Towards complete automatic code generation
Abstract
A compiler consists of two phases: source program analysis and object program synthesis.
The problem of compilation has been tackled in depth, and many tools and techniques exist for building the analysis phase. Similar elegant solutions do not exist for automatic generation of back-ends. Existing studies of automatic code generation have attempted to automate particular tasks of code generation and do not offer a complete solution.
This thesis describes a new code generator generator environment.
Our environment, Poorna, takes a description of an architecture and produces a code generator. A new architectural description language (ADL), Shilpa, has been designed. The ADL analyzer outputs a set of tree patterns and architectural information. The tree patterns, together with a built-in pattern matching algorithm, form the instruction selector, and the architectural information can be directly used in optimization modules.
Shilpa is an ADL designed for code generation. The emphasis is on the description of the semantics of various operations at the instruction level. A description is in the form of attributed objects. Important objects of an architecture are instructions, runtime specifications, and instruction execution details. The semantics of an instruction is accepted in tree form. Runtime information is accepted for a register model in the form of a list of directives. To make the specification more general, context-sensitive tuning of the intermediate representation (IR) is allowed.
The environment does not attempt to automate particular optimization phases. Instead, it tries to take a complete description of instruction characteristics. Towards this end, an Extended Finite State Automaton (EFSA) is defined.
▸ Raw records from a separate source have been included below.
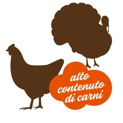 - Alto contenuto di carni: 45% carni e derivati, 8% pollo, 8% tacchino.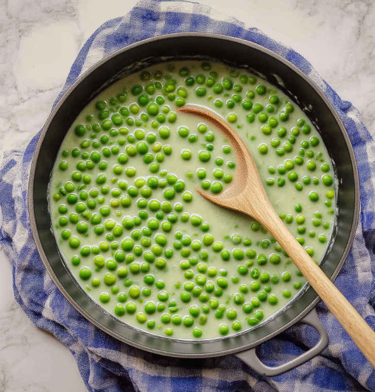 Easy Creamed Peas are a classic side dish made with tender green peas in a creamy, buttery white sauce. Perfect for holidays or weeknight dinners.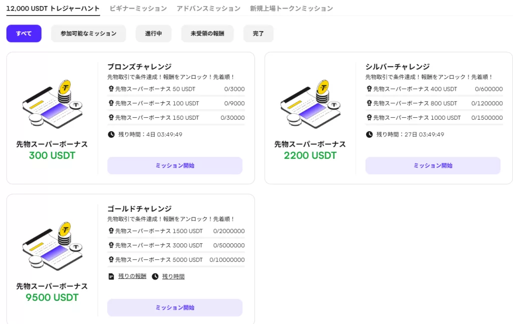 ビギナーミッションではKYCを達成するだけで、取引をノーリスクで楽しめるスーパーボーナス(ポジションエアドロップ)が獲得できたり、現在10USDTを入金するだけで4DOGE=0.65ドル分のトークン(2025/11/14現在価格)を獲得できたりします。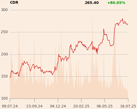 CD Projekt (sprzedaj) pozostaje solidną marką z mocnym portfelem IP i 1,5 mld zł gotówki, ale po ponad 60-procentowym wzroście kursu od grudnia 2024 r. oraz przy silnym złotym potencjał do dalszych zwyżek jest niski. BM mBanku ustalił cenę docelową na 258 zł przy kursie 274 zł, co daje 5,8 proc. możliwego spadku.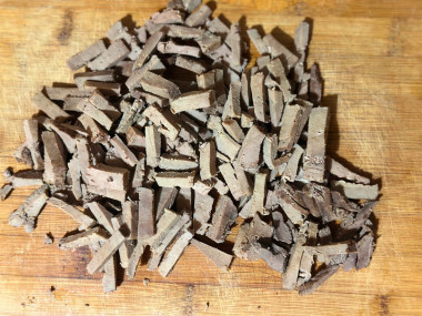 Печень очистите от прожилок и частичек жира, помойте. Отварите печень в кипящей подсоленной воде на умеренном огне до готовности в течение 20 минут. Время указано приблизительно, варите то готовности, но печень должна остаться мягкой, при этом без следов крови (не розовая) внутри). Ориентируйтесь на свою технику и продукты. Воду слейте, печень остудите. Нарежьте печень небольшими брусочками.Шаг 6: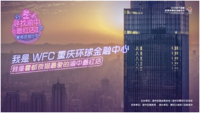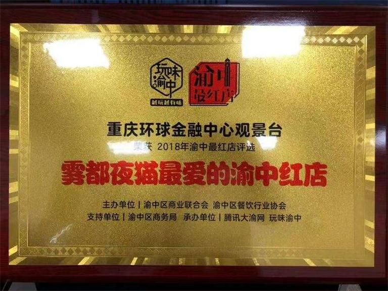 【觀景臺(tái)/企劃部】2018年9月13日至11月26日期間,由渝中區(qū)商業(yè)聯(lián)合會(huì)、渝中區(qū)餐飲行業(yè)協(xié)會(huì)主辦,渝中區(qū)商務(wù)局指導(dǎo),騰訊大渝網(wǎng)、玩味渝中承辦的“尋找渝中最紅店Ⅱ·霧都夜貓計(jì)劃”評(píng)選活動(dòng)中,重慶環(huán)球金融中心觀景臺(tái)榮獲“最紅渝中店20強(qiáng)”稱號(hào)。
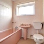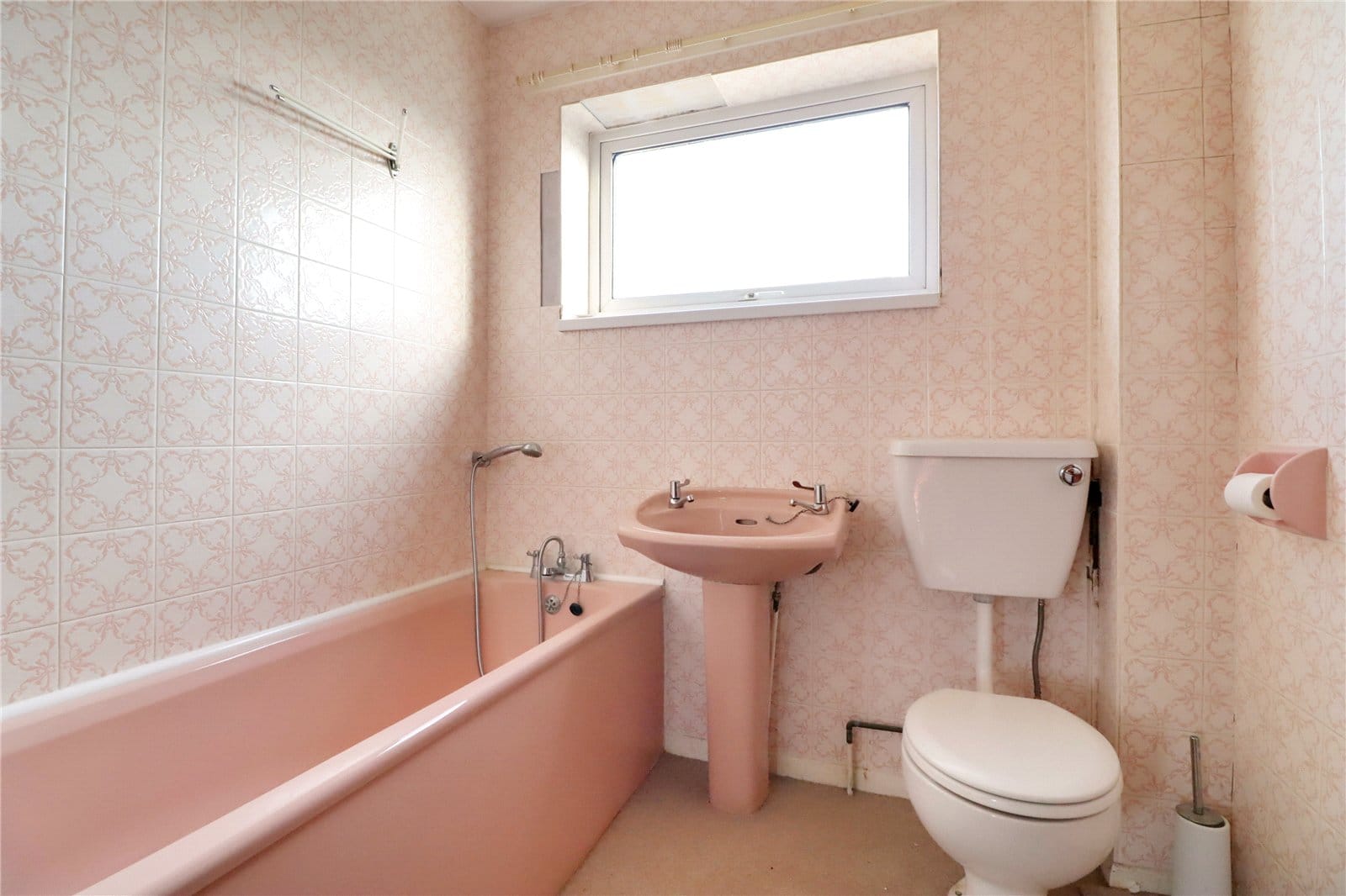 Rear uPVC double glazed window with patterned glazing providing a three piece suite comprising a low flush WC, pedestal wash hand basin, panelled bath and tiled walls.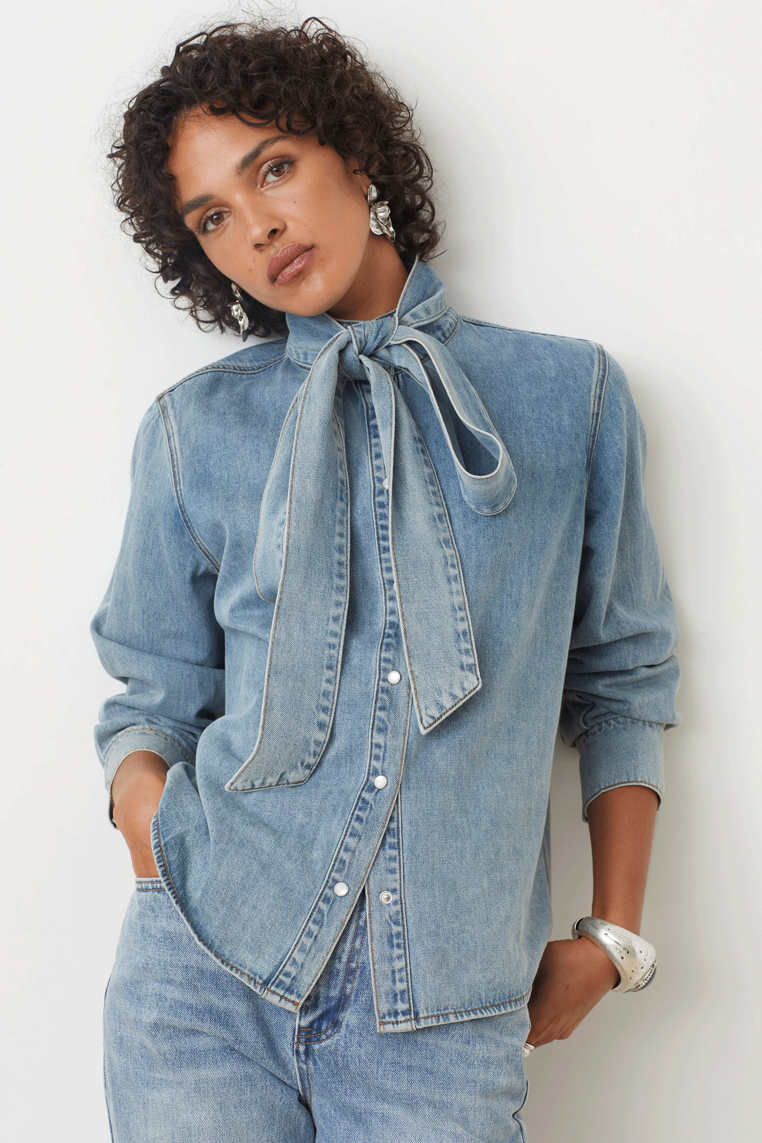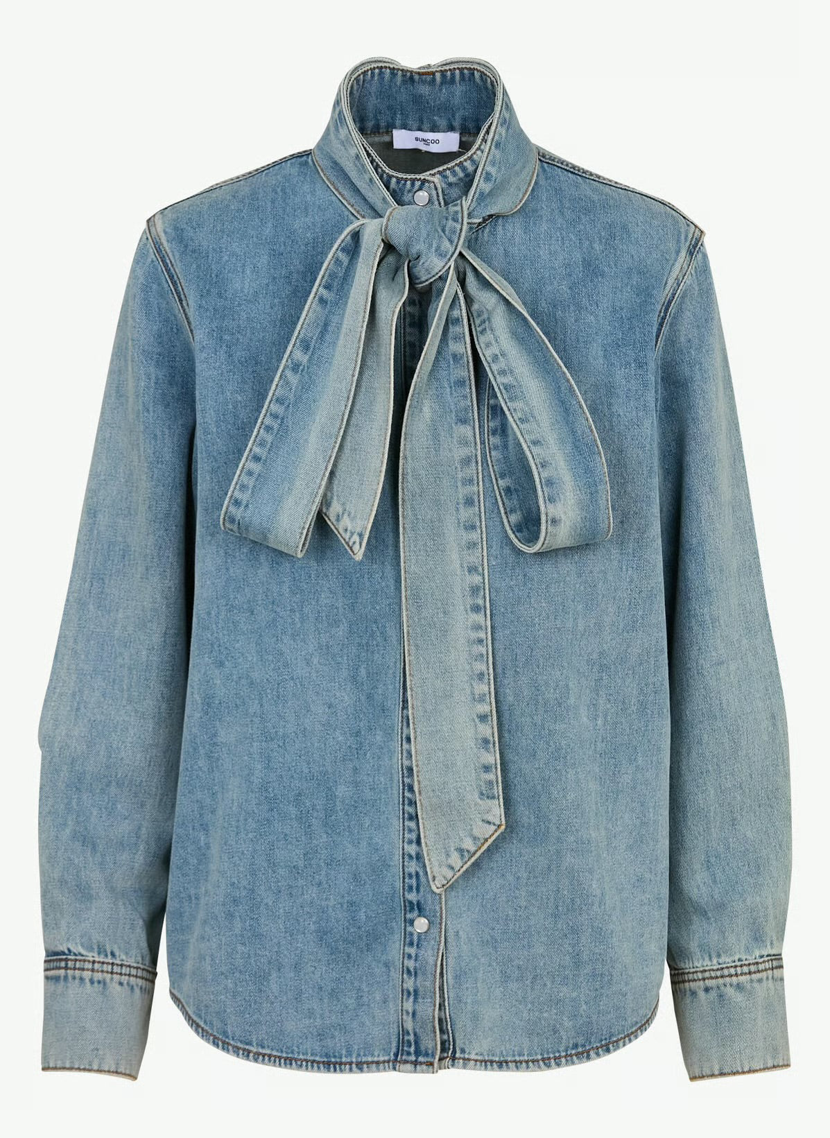 Add a playful touch to your wardrobe with the Laos Blouse by Suncoo. This light denim top features a charming tone-on-tone removable bow collar that lets you switch up your look with ease. With a front button closure and long sleeves, it combines comfort and style effortlessly—perfect for casual days or dressy moments that need a little extra flair.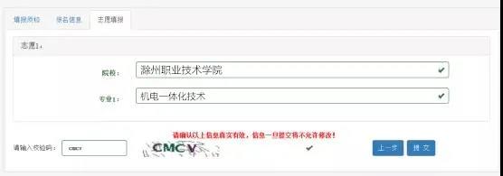 报名信息填写完毕后,请再次核对本人所填信息是否有误,若有更改,请点击“上一步”,进入填报页面进行修改。确认无误后,填写页面下方的验证码,并点击“提交”按钮提交信息。信息一旦提交,任何人不得修改!
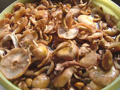 NO.573 今日も健脚美人&スケッチ♪ (08/10/17)右下は、たまたま見つけたまっ白いキノコ。 可愛いね〜。ホコリタケという中が白いうちは食用です。 ![]() 1時間も歩くと、カラマツ林があり、こんなにも落葉キノコ(ハナイグチ)が〜〜♪ ![]() 今日の鳥海山は、こんな感じで見えました〜♪ うっすらと薄雲がかかり、秋霞っぽいですね〜 今日の現場は、由利本荘市鳥海町・沢内方面の山道での風景。里から鳥海山とは対称の位置にある八塩山系の山に登ったのですが、 標高600mくらいまで登り、帰りがけ描いた鳥海山です。 主人は簡単な絵を2枚描いてますので、水彩スケッチクリックしてね〜(*^-゜)v 帰宅後、収穫した落葉キノコを洗って水に浸したのが左下図。 右下図は山でスケッチ終了後、下山途中偶然知り合いのオジサンに会い、 チャッカリ頂いちゃった“キモタシ“正式名「ナラタケモドキ」で〜〜す♪ オジサンは、15kg以上も背中に背負っていました〜\(☆^∇゚)o ![]() |

In the automaton, states represent resources and edges define instruction execution characteristics.
A variant of the top-down tree pattern matching algorithm forms the instruction selector. This algorithm is designed to cover subject DAGs in terms of tree patterns. The algorithm also considers one level of term rewriting. It identifies templates of rewrites in the subject structure and considers both the template and the result of the rewrite rule for matching. This is expected to make the front-end completely independent of the back-end while ensuring optimal instruction selection.
Algorithms have been defined to extract information from an instance of the EFSA. The information is provided in the form of a set of initialized arrays which can be directly used in optimization modules. Register information can be completely derived, and register allocation algorithms are fully retargetable. The latency information is used in instruction scheduling algorithms. Algorithms are provided to derive latencies and parallel paths of execution. Incorporation of different instruction scheduling-related strategies is discussed.
Code generators for ISCO and RS6000 have been built as part of the environment by the author, and two other code generators (R3000 and SPARC) have been built as part of student projects. The performance of these is analyzed. The environment does not seem to have any inherent drawback in producing good retargetable code generators.